Now if we could have the rebates that are currently applied to second rate technologies like flat panel photovoltaic applied to something like a Sundermann Turbine , that would float the idea.
Hi Christopher
Digital Eskimo are endeavoring to resolve the current problem with our "Email to a Friend" facility.
In the interim, I suggest you follow ‘josken1s’ advice, cut & paste the web address and send through your email program.
Thanks for your patience and we hope to have this fixed shortly.
Regards
Rod McGuinness
Managing Editor
newmatilda.com
Thanks to both joskens1 and Rod - I have followed the former’s advice with considerable aplomb!! Christopher
Nick,
The swiveling turbine blades sound great, pity, Sundermann beat me to the idea.
But what I really want to know is , how do I get a job that pays 350 bucks an hour and $1000 a night.?

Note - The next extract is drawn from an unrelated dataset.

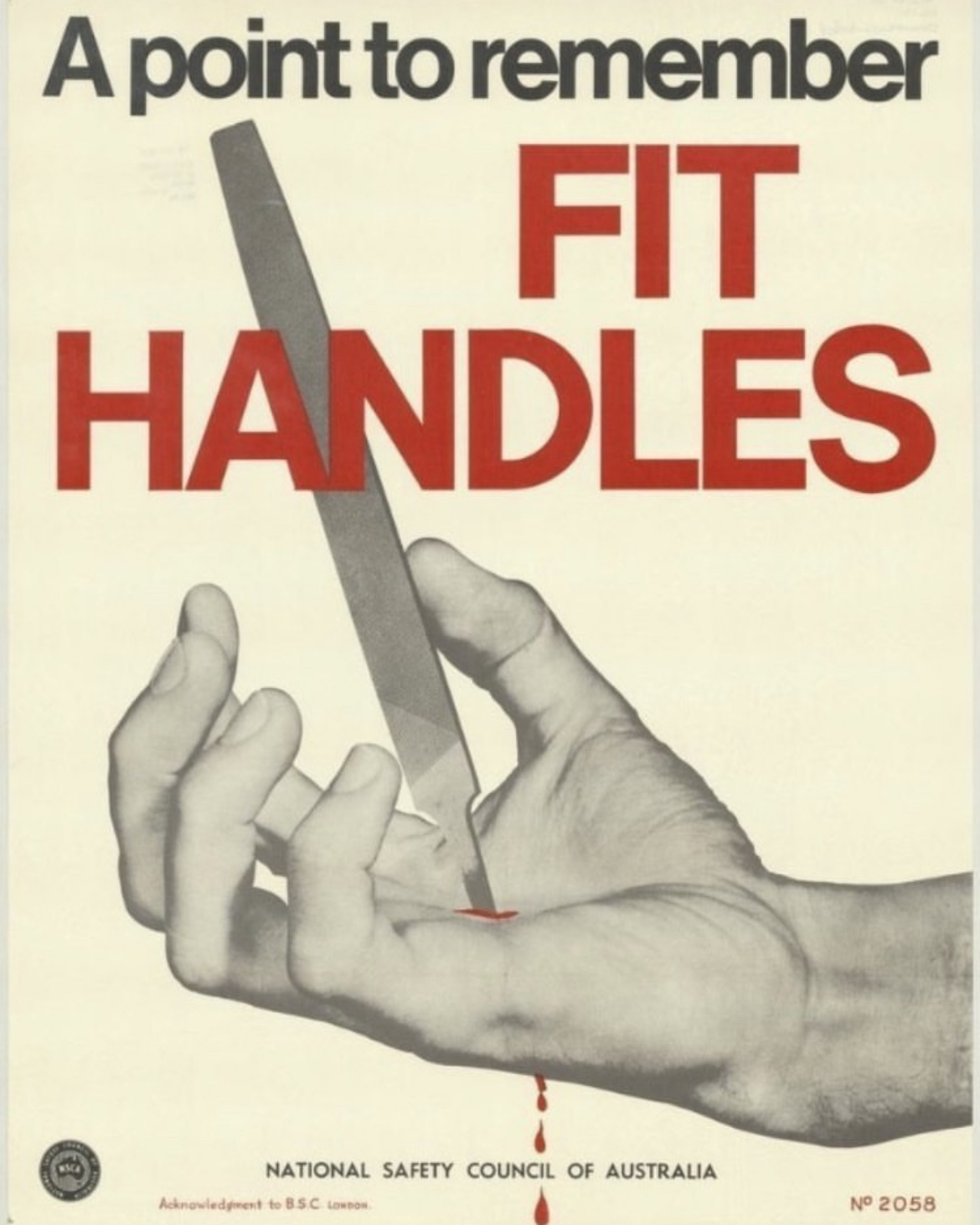 You should always use a file handle when using a file. Accidents happen quickly, and as noted in the picture to the right, a file handle could help prevent you getting significant damage to your hand, or at least minimize the injury.

That’s even more than Mr Rudd’s NewYork lap dancers make. But not as much as Mrs Rudd’s employment agency, remember the one that robbed it’s employees under work choices agreements.
Ah is’nt technology great! Oli
"Every New Matilda reader should write to their Federal or State Labor members"
Exactly Bill, consider it done.
Tidal or water pressure has it all over Wind and Solar at any level.
Thanks for the Article, Nick and Rod.
wunjbana
unlike in the private sector, public servants are trained to demonstrate and tell members of the public why they cannot do something.
we need them to receive training so that they can assist us in achieving outcomes quickly, economically and safely so that the Australian public can gain access to new technology before it is taken overseas.